A 10 kg object on a horizontal, unsmooth table is pushed to the right so as to have an intial velocity of 20 m/s. It comes to rest 5 seconds later, during which time its acceleration (deceleration?) was constant.

I've already figured out the acceleration (4 m/s^2) and distance covered until coming to rest (50 m). However, I can't see how to get the kinetic friction force.
Would the initial force (ma = 40 N) include the kinetic friction?

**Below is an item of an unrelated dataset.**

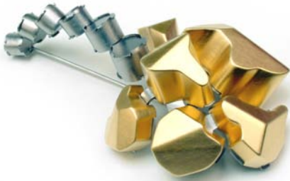
“Village of golden teeth with tail” - Broche - 2008 Monel, acrylique, acier inoxydable - 95 x 60 x 35 mm

oxy Simon Cottrell ne cherche pas à communiquer avec le monde extérieur. Son œuvre se suffit à elle-même et il considère que rien ne stimule la création plus que le processus de création lui-même. Les œuvres qu'il a réalisées au cours des huit dernières années sont particulièrement représentatives de la nature de son processus créatif personnel. Cottrell utilise les forces pré-cognitives pour donner forme à un processus de création intuitive où l'imagination peut s'exprimer sans contrainte. Ses œuvres s'intègrent et évoluent au sein d'une composition globale de la même manière qu'une idée germe et se développe au sein de notre cerveau. Formes statiques, elles explorent le champ des possibilités et se complexifient sans cesse. Simon Cottrell cherche à attiser la curiosité du spectateur en évoquant des formes familières en perpétuelle évolution. Le regard observe d'abord l'œuvre dans son ensemble puis s'attache invariablement à la myriade de détails qui la composent.

1. "acceleration (deceleration?) "
Either tems work; acceleration is the "scientific" term which doesn't bother to have 2 different terms depending upon whether the object slows down or speeds up;
(This usage of "acceleration" is the one meant in Newton's 2 law)
whereas the couple acceleration/deceleration are the "lay" terms which insist upon having two different terms..

2.
"However, I can't see how to get the kinetic friction force.
Would the initial force (ma = 40 N) include the kinetic friction?"

What do you mean by this?
In particular, what do you mean by "initial force"?
If you by "initial force" means the force initially speeding up the object, you are wrong in setting it equal to 40N.
This is because you do not know the acceleration you had in the time speeding up to 20m/s, (neither do you know the time it took, either)
you only know the acceleration during the slowdown phase (4m/s^(2)).

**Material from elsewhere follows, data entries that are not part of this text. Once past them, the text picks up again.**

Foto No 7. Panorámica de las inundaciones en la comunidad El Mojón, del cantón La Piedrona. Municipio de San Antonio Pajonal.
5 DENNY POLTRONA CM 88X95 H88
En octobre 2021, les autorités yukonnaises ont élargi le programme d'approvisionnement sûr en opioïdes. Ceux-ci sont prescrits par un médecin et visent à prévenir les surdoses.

But that acceleration is in its entirety produced by kinetic friction force!
(You have stopped pushing the block).
Hence, the kinetic friction force is 40N
 
  • #3
I presume when the object is "let go" the intial pushing force is removed. So the only force contributing to the deceleration is friction. Apply F = ma.
 
  • #4
don't you have to have the coefficient of friction to find the force that you want to. the F = (coefficient of friction) x (the normal reaction)
 
  • #5
cipher said:
don't you have to have the coefficient of friction to find the force that you want to. the F = (coefficient of friction) x (the normal reaction)
Excellent question, cipher, since that is what you normally would need.

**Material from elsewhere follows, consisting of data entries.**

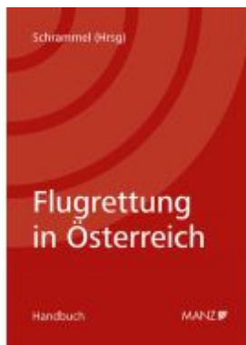
Flugrettung in Österreich Ladenpreis: 58,00EUR
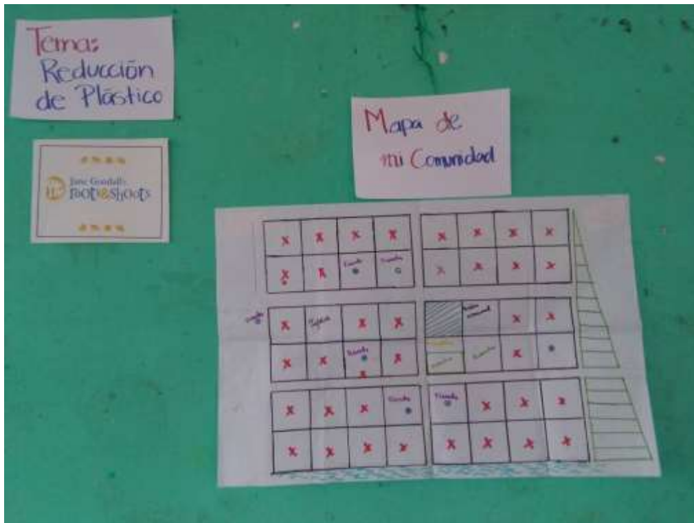
Anexo 6. Mapa de la comunidad El Quetzalito.
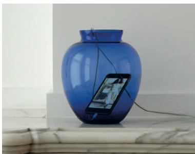
The Un-Musical Vase 2022 video played on old iPhone placed in vase (edition of 5)
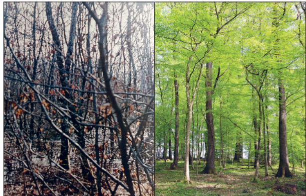
Image de la chênaie genevoise il y a 60 ans.
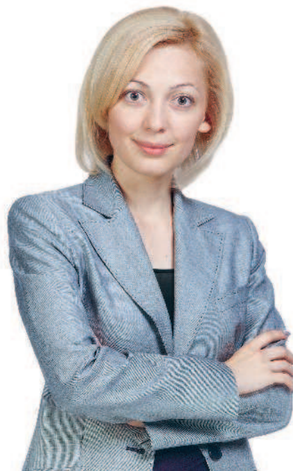
ОЛЬГА ТИМОФЕЕВА Председатель Комитета Государственной Думы ФС РФ по экологии и охране окружающей среды

Выпуск этой книги приурочен к Году экологии и особо охраняемых природных территорий, каким был объявлен 2017 год. От имени Комитета Государственной Думы по экологии и охране окружающей среды хочу выразить надежду, что тематический год дал толчок для многих успешных экологических проектов и, главное — для укрепления экологического сознания в каждом из нас.

However, the text explicitly states that the object comes to rest after 5 seconds.
You can therefore solve for the unknown, constant acceleration by the equation:
20-a*5=0, which implies a=4m/s^(2).

This gives the kinetic friction force to be 40N, and you may DEDUCE the friction coefficient, f, to satisfy:
40=f*mg (in this example, f will then be approximately 0.4)
 
  • #6
Yes, by "initial force" I meant that force that brought the object to its initial velocity of 20 m/s. I see now that I was mixing accelerations of the speedup and slowdown phases. Thanks for your patience. I'm slowly getting the hang of this.
 
  • #7
You're studying mechanics? At least that's what we call it over here.

Work out acceleration:
U = 20, T = 5, V = 0, a = ?
V = U + AT
Substitute and simplify to find a = -4m/s/s.

Resolve the particle horizontally.
F = ma
-FR = 10 x -4
FR = 40N

Resolve vertically:
R = 10G
R = 98N

Fr = (Mue)R
Fr/R = (Mue)
40/98 = (Mue)
(Mue) = .41
CF = .41
 

1. What is the "stuck on sliding object problem"?

The "stuck on sliding object problem" is a common physics problem that involves a mass being placed on a frictionless surface and then attached to a spring. The mass is then pulled back and released, causing it to slide and oscillate back and forth due to the spring's force. The problem arises when the mass gets stuck on the surface and stops sliding, leading to the question of what factors contribute to this phenomenon.

2. How can the "stuck on sliding object problem" be solved?

To solve the "stuck on sliding object problem," one must take into consideration the various forces acting on the mass, including the spring force, gravity, and any external forces. These forces can be represented using equations and can be solved using mathematical methods such as Newton's laws of motion and energy conservation principles.

3. What are the potential causes of the mass getting stuck on the sliding surface?

The mass can get stuck on the sliding surface due to various reasons, including an insufficient initial force, an incorrect choice of spring constant, or an uneven surface that affects the motion of the mass. Another possible cause could be the presence of external forces, such as friction or air resistance, that impede the sliding motion of the mass.

4. How can the "stuck on sliding object problem" be prevented?

To prevent the mass from getting stuck on the sliding surface, one can make adjustments to the initial force applied, the choice of spring constant, and the surface on which the mass is placed. Additionally, reducing or eliminating external forces can also help prevent the mass from getting stuck during its motion.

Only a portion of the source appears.